A full, exact copy of the listing is needed, with images omitted.

***

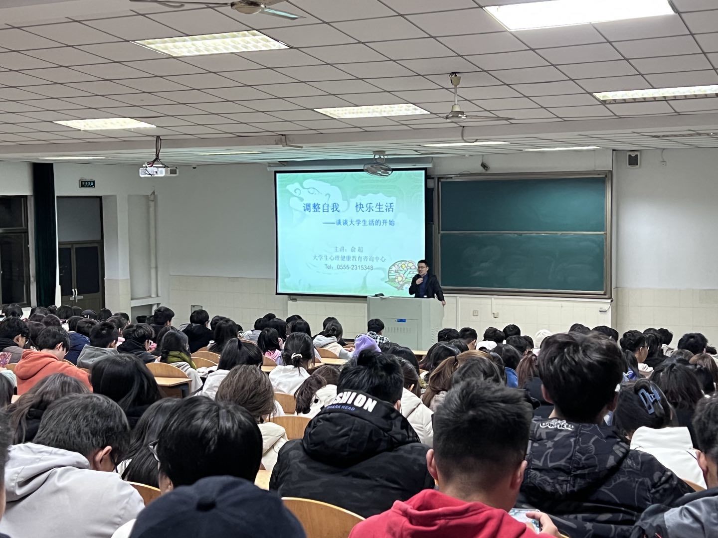 讲座上,俞超老师以“调整自我,快乐生活”为主题,从“情绪调控、集体生活、学习与成长、自我认识”四个方面对大学生活展开论述。俞超老师首先从自己的大学生活谈起,通过讲述大学的成长与学习经历,提醒同学们要接受理想与现实的落差,保持乐观积极向上的心态,热爱生活,珍爱生命;其次,结合校园真实案例,就新生同学如何调解自身情绪、适应大学生活提出科学、合理的建议;再次,他鼓励同学们学会调节好自己的情绪,建立良好的人际关系,学会接受爱和给予爱,同时要广泛培养兴趣爱好,创新性地学习,把握好当下,规划好未来。最后,俞老师介绍了校心理健康教育中心相关资源,帮助学生更好地理解心理咨询,提高积极寻求心理援助的意识。讲座涵盖了新生适应、人生规划、心理预期等多个方面,对大一新生容易出现的问题进行了分析和引导,现场氛围轻松愉快,同学们认真聆听,获益匪浅。
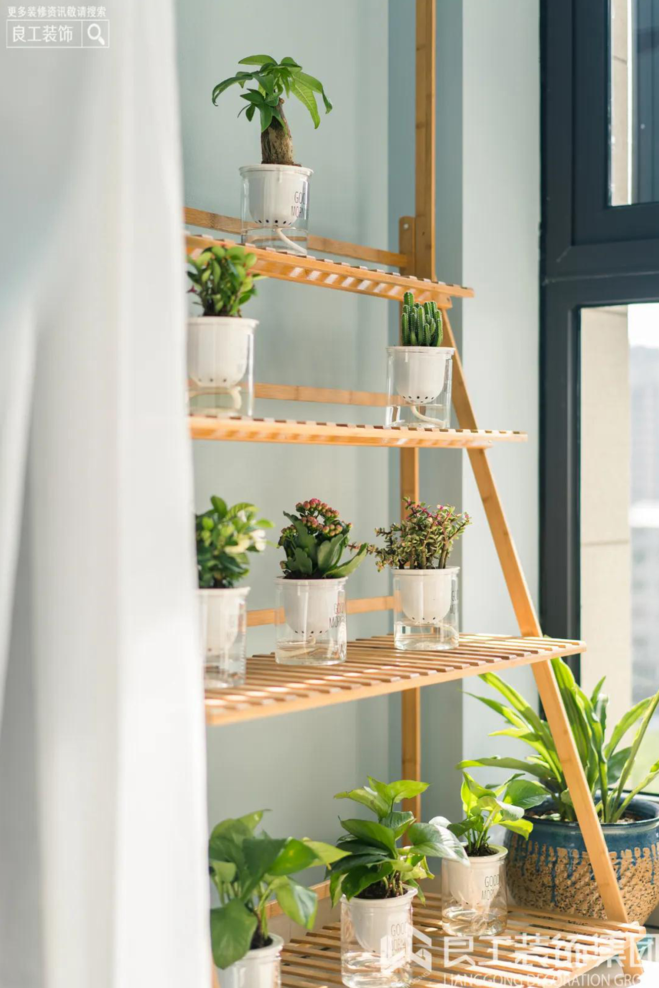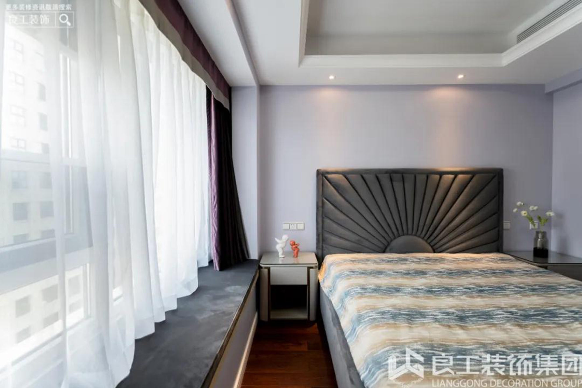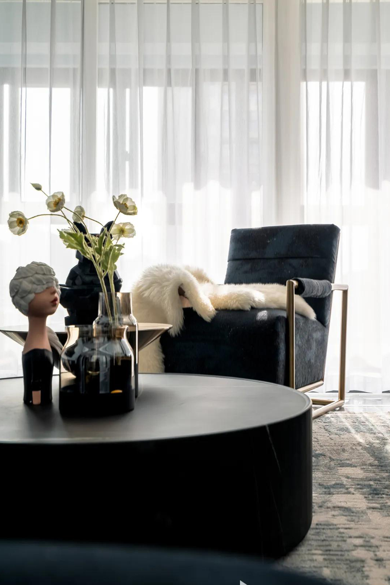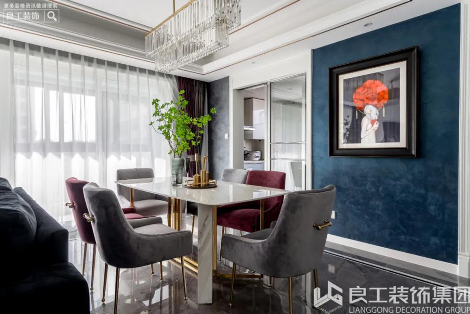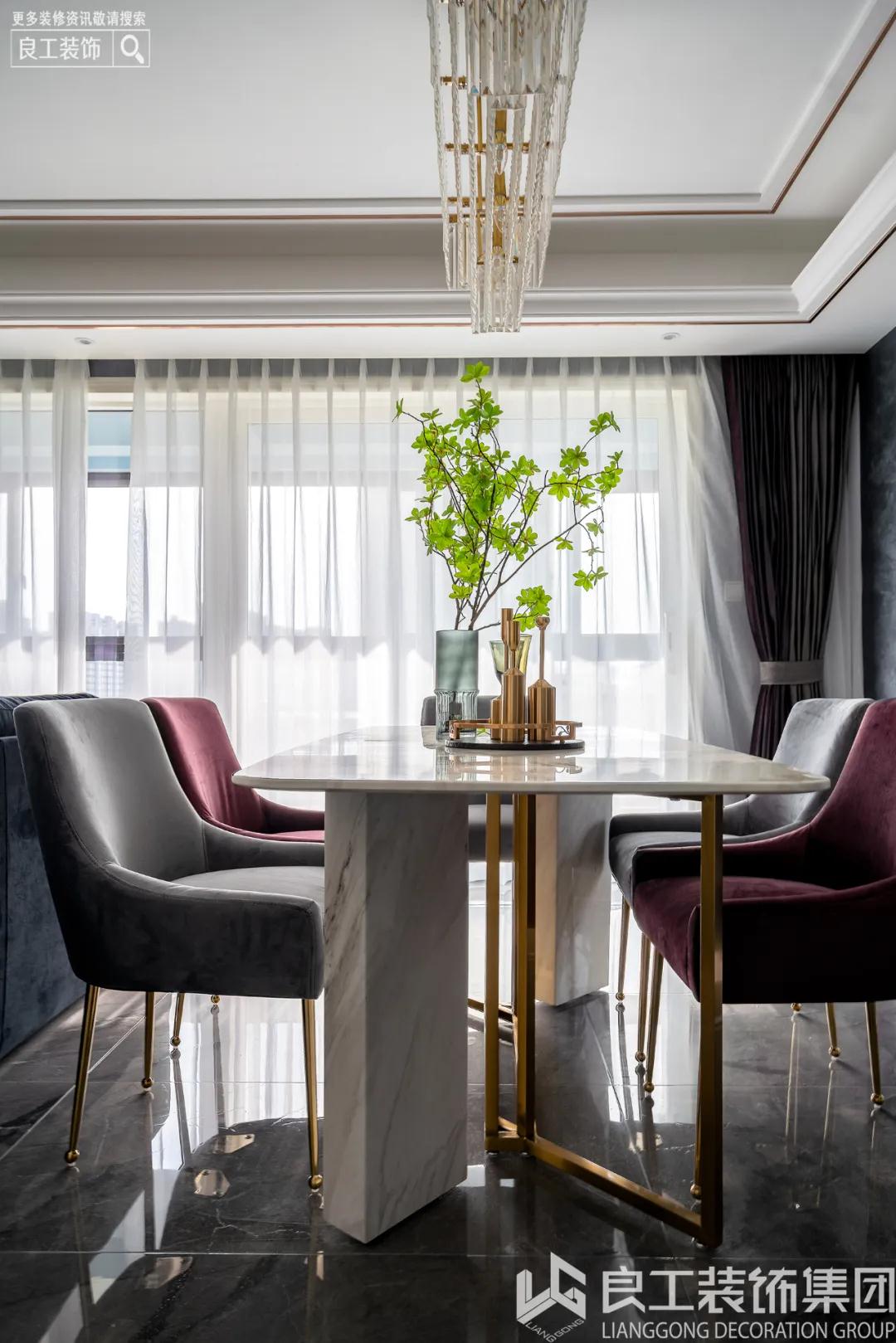 大面积的落地玻璃给人以宽敞、明亮的视觉感受。整面的纯白纱质飘窗,创造室内明媚光景。随着光线的移动,会客空间呈现出明暗相互交织的的景象,带来无限神秘感与惊喜感,让家充满了时光的轨迹。餐厅和客厅是联通的,越过沙发便是餐厅,黑色和灰色的色彩搭配让两者成为一个整体,爵士白大理石纹理餐桌与客厅背景墙两相呼应,加之简约线条的金属与玻璃吊灯,简约轻奢的气质由此被勾勒出来。花纹大理石桌面、造型不同的高脚杯,实用方便还不失特色。餐厅温润的大理石餐桌搭配沉稳的灰色、优雅的红色、具有高级感的金属线条以及挂画呈现的是时尚精致的环境;清脆酒杯之间,碰撞出浪漫与贵气。餐桌椅的造型简洁、圆润,金属的餐椅包角从细节上呼应了轻奢的调性。金属与玻璃元素的吊灯、黑色软皮质沙发、雅白大理石餐桌,既有轻奢感又具备现代设计感,再选用灰、白、红软装的搭配,点活了整个空间,即使久居也不会有乏味感。金属线条、简约色调是户主家的核心元素,简洁的空间代替复杂的元素,精致的软装元素凸显着独特的空间质感与别致的生活品位。
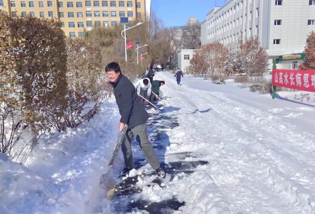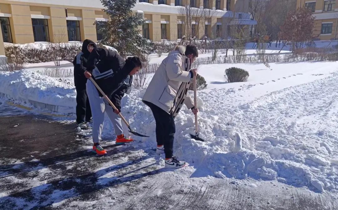 活动伊始,老师和同学们“全副武装”,拿好铲雪工具,蓄势待发。经理董国峰强调雪天路滑安全第一,一定要做好保暖措施。银装素裹的世界里,雪意浓厚,迎着早晨十点的暖阳,雪花反射出点点星光,承载着老师的浓浓关爱之情,活动有序地开展着。
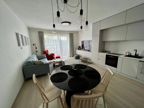 Providing a garden, Kasperky 14 provides accommodations in Kašperské Hory. Housed in a building dating from 2023, this apartment features free Wifi and free private parking. Outdoor seating is also available at the apartment. Featuring a balcony and mountain views, the spacious apartment includes 1 bedroom, 2 living rooms, satellite flat-screen TV, an equipped kitchen, and 1 bathroom with a shower. The accommodation is non-smoking. During the colder months, guests can enjoy winter sports in the surrounding area. The nearest airport is Ceske Budejovice Airport, 52 miles from Kasperky 14.
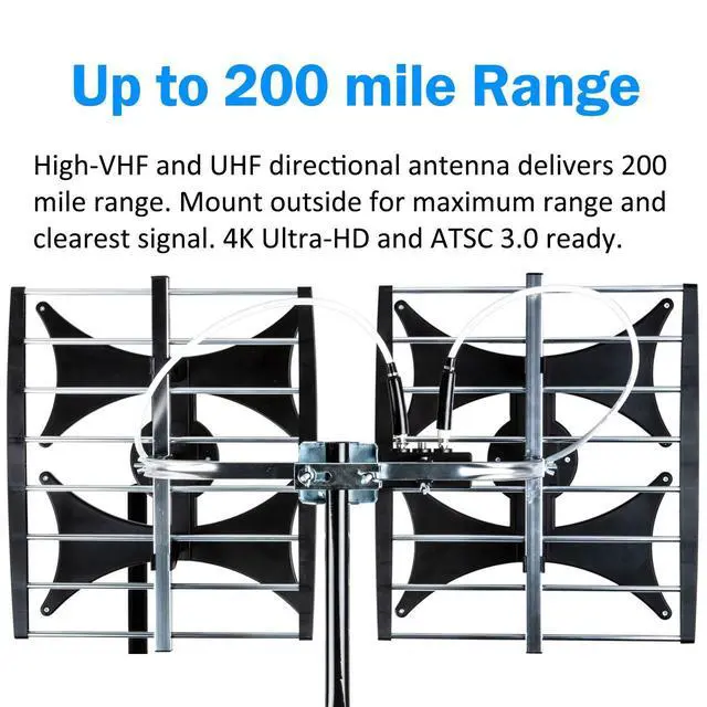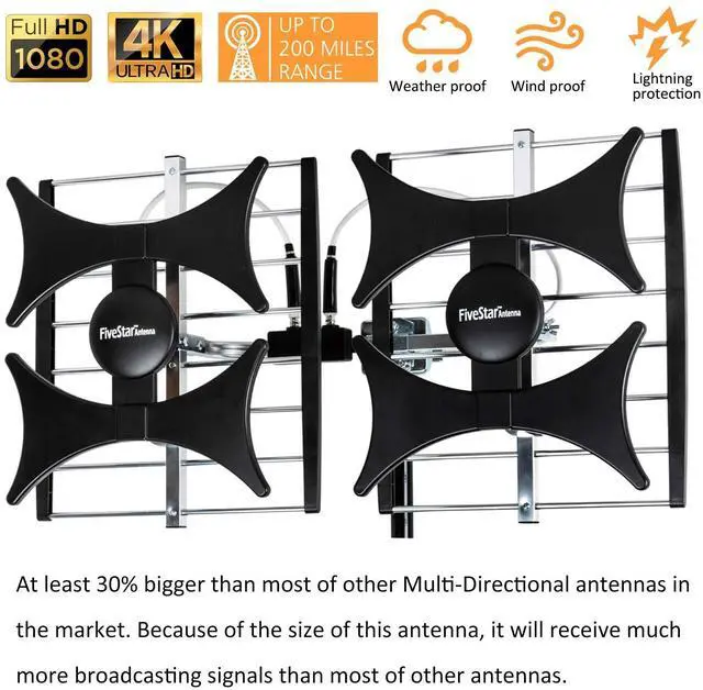 [NEW MULTI-DIRECTIONAL OUTDOOR ANTENNA] Enjoy FREE local HD Channels and without cable bills. Outdoor antenna receives 4K, 1080P, 1080i, 720p HD Channels as local news, ABC, CBS, NBC, PBC, Fox, sitcoms, kids, sports programs and SO MUCH MORE. Cut the cable and with this powerful outdoor antenna, you can save now and No Cable, No Problem. ^^ [ENHANCED SIGNAL RECEPTION] Multi-directional elements deliver range and reception in less than ideal locations. Antenna can pick up VHF and UHF Channels. With this booster technology it allows to reach signal as far as 200 miles (depends on your distance from nearest signal tower, the obstructions between your house and signal tower), and meanwhile reducing the signal noise interference.

***

--- PROBLEM SOLUTION ---
 讲座上,俞超老师以“调整自我,快乐生活”为主题,从“情绪调控、集体生活、学习与成长、自我认识”四个方面对大学生活展开论述。俞超老师首先从自己的大学生活谈起,通过讲述大学的成长与学习经历,提醒同学们要接受理想与现实的落差,保持乐观积极向上的心态,热爱生活,珍爱生命;其次,结合校园真实案例,就新生同学如何调解自身情绪、适应大学生活提出科学、合理的建议;再次,他鼓励同学们学会调节好自己的情绪,建立良好的人际关系,学会接受爱和给予爱,同时要广泛培养兴趣爱好,创新性地学习,把握好当下,规划好未来。最后,俞老师介绍了校心理健康教育中心相关资源,帮助学生更好地理解心理咨询,提高积极寻求心理援助的意识。讲座涵盖了新生适应、人生规划、心理预期等多个方面,对大一新生容易出现的问题进行了分析和引导,现场氛围轻松愉快,同学们认真聆听,获益匪浅。
 大面积的落地玻璃给人以宽敞、明亮的视觉感受。整面的纯白纱质飘窗,创造室内明媚光景。随着光线的移动,会客空间呈现出明暗相互交织的的景象,带来无限神秘感与惊喜感,让家充满了时光的轨迹。餐厅和客厅是联通的,越过沙发便是餐厅,黑色和灰色的色彩搭配让两者成为一个整体,爵士白大理石纹理餐桌与客厅背景墙两相呼应,加之简约线条的金属与玻璃吊灯,简约轻奢的气质由此被勾勒出来。花纹大理石桌面、造型不同的高脚杯,实用方便还不失特色。餐厅温润的大理石餐桌搭配沉稳的灰色、优雅的红色、具有高级感的金属线条以及挂画呈现的是时尚精致的环境;清脆酒杯之间,碰撞出浪漫与贵气。餐桌椅的造型简洁、圆润,金属的餐椅包角从细节上呼应了轻奢的调性。金属与玻璃元素的吊灯、黑色软皮质沙发、雅白大理石餐桌,既有轻奢感又具备现代设计感,再选用灰、白、红软装的搭配,点活了整个空间,即使久居也不会有乏味感。金属线条、简约色调是户主家的核心元素,简洁的空间代替复杂的元素,精致的软装元素凸显着独特的空间质感与别致的生活品位。
 活动伊始,老师和同学们“全副武装”,拿好铲雪工具,蓄势待发。经理董国峰强调雪天路滑安全第一,一定要做好保暖措施。银装素裹的世界里,雪意浓厚,迎着早晨十点的暖阳,雪花反射出点点星光,承载着老师的浓浓关爱之情,活动有序地开展着。
 Providing a garden, Kasperky 14 provides accommodations in Kašperské Hory. Housed in a building dating from 2023, this apartment features free Wifi and free private parking. Outdoor seating is also available at the apartment. Featuring a balcony and mountain views, the spacious apartment includes 1 bedroom, 2 living rooms, satellite flat-screen TV, an equipped kitchen, and 1 bathroom with a shower. The accommodation is non-smoking. During the colder months, guests can enjoy winter sports in the surrounding area. The nearest airport is Ceske Budejovice Airport, 52 miles from Kasperky 14.
 [NEW MULTI-DIRECTIONAL OUTDOOR ANTENNA] Enjoy FREE local HD Channels and without cable bills. Outdoor antenna receives 4K, 1080P, 1080i, 720p HD Channels as local news, ABC, CBS, NBC, PBC, Fox, sitcoms, kids, sports programs and SO MUCH MORE. Cut the cable and with this powerful outdoor antenna, you can save now and No Cable, No Problem. ^^ [ENHANCED SIGNAL RECEPTION] Multi-directional elements deliver range and reception in less than ideal locations. Antenna can pick up VHF and UHF Channels. With this booster technology it allows to reach signal as far as 200 miles (depends on your distance from nearest signal tower, the obstructions between your house and signal tower), and meanwhile reducing the signal noise interference.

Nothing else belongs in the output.